DaYu: Data-Driven Model for Geostationary Satellite Observed Cloud Images Forecasting
- URL: http://arxiv.org/abs/2411.10144v1
- Date: Fri, 15 Nov 2024 12:36:01 GMT
- Title: DaYu: Data-Driven Model for Geostationary Satellite Observed Cloud Images Forecasting
- Authors: Xujun Wei, Feng Zhang, Renhe Zhang, Wenwen Li, Cuiping Liu, Bin Guo, Jingwei Li, Haoyang Fu, Xu Tang,
- Abstract summary: This paper proposed an advanced data-driven thermal infrared cloud images forecasting model, "DaYu"
DaYu is specifically designed for geostationary satellite observations, with a temporal resolution of 0.5 hours.

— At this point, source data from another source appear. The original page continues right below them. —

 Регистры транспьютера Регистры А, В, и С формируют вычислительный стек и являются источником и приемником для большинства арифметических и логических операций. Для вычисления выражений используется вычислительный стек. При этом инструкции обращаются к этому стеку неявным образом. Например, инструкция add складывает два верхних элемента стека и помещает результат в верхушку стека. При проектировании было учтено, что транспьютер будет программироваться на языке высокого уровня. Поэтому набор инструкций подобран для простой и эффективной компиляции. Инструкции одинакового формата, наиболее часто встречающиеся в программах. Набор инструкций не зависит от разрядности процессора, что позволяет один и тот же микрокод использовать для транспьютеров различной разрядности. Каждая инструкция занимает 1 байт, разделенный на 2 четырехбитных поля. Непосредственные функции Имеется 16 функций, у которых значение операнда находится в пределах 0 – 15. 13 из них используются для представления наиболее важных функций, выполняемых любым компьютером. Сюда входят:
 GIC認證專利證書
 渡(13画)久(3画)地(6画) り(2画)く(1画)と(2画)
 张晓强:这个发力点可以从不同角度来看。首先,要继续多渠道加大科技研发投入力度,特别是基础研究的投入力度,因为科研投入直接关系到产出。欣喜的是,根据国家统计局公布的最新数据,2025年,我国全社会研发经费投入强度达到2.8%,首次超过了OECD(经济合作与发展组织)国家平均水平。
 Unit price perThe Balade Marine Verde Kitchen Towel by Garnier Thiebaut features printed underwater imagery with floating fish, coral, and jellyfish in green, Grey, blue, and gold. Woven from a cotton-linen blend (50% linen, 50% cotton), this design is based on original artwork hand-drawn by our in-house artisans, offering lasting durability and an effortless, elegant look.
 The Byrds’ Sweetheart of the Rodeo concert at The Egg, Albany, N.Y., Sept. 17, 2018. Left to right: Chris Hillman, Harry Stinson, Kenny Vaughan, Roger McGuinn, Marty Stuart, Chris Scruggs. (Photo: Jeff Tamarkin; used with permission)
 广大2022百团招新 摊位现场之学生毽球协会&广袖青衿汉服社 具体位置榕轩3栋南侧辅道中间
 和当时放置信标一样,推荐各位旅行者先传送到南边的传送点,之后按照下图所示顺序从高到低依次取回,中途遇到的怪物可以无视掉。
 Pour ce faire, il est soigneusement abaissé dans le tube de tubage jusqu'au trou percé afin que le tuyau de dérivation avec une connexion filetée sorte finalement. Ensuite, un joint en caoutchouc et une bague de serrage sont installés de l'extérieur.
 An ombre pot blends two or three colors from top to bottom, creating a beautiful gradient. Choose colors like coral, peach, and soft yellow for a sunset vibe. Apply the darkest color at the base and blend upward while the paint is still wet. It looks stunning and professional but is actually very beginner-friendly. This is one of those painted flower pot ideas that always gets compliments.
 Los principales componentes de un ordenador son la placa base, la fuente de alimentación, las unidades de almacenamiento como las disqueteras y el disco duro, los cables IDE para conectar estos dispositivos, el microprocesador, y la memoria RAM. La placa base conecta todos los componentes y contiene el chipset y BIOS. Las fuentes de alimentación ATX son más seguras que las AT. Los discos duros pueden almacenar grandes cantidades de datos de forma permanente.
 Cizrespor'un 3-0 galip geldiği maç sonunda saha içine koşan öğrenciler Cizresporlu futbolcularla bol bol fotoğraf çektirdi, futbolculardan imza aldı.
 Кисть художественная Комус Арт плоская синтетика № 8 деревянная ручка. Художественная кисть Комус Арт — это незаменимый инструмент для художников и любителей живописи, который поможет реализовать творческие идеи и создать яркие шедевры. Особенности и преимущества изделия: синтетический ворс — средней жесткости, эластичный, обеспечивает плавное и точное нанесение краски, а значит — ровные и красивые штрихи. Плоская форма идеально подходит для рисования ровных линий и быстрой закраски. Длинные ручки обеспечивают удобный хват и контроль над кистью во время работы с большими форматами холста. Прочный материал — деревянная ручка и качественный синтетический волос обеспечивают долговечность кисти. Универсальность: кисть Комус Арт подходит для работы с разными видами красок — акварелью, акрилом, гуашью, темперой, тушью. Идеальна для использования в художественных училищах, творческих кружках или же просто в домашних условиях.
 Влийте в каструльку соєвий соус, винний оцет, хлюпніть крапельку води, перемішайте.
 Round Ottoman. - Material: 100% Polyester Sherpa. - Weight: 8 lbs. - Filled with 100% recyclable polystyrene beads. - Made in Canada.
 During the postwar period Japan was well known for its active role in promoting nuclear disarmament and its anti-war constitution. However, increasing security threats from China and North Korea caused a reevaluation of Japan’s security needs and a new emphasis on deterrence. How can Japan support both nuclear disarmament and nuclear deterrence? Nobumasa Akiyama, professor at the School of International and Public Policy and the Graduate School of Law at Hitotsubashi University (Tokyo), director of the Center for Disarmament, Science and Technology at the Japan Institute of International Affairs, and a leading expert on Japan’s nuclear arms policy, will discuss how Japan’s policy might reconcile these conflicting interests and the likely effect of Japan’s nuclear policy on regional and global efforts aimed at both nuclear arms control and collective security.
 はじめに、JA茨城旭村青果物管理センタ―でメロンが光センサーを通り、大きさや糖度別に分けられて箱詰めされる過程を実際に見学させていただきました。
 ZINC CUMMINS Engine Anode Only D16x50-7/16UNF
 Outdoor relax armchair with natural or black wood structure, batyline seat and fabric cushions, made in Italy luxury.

DaYu achieves accurate forecasts up to 3 hours with a correlation coefficient higher than 0.9, 6 hours higher than 0.8, and 12 hours higher than 0.7.
- Score: 14.42078049001157
- License:
- Abstract: In the past few years, Artificial Intelligence (AI)-based weather forecasting methods have widely demonstrated strong competitiveness among the weather forecasting systems. However, these methods are insufficient for high-spatial-resolution short-term nowcasting within 6 hours, which is crucial for warning short-duration, mesoscale and small-scale weather events. Geostationary satellite remote sensing provides detailed, high spatio-temporal and all-day observations, which can address the above limitations of existing methods. Therefore, this paper proposed an advanced data-driven thermal infrared cloud images forecasting model, "DaYu." Unlike existing data-driven weather forecasting models, DaYu is specifically designed for geostationary satellite observations, with a temporal resolution of 0.5 hours and a spatial resolution of ${0.05}^\circ$ $\times$ ${0.05}^\circ$. DaYu is based on a large-scale transformer architecture, which enables it to capture fine-grained cloud structures and learn fast-changing spatio-temporal evolution features effectively. Moreover, its attention mechanism design achieves a balance in computational complexity, making it practical for applications. DaYu not only achieves accurate forecasts up to 3 hours with a correlation coefficient higher than 0.9, 6 hours higher than 0.8, and 12 hours higher than 0.7, but also detects short-duration, mesoscale, and small-scale weather events with enhanced detail, effectively addressing the shortcomings of existing methods in providing detailed short-term nowcasting within 6 hours. Furthermore, DaYu has significant potential in short-term climate disaster prevention and mitigation.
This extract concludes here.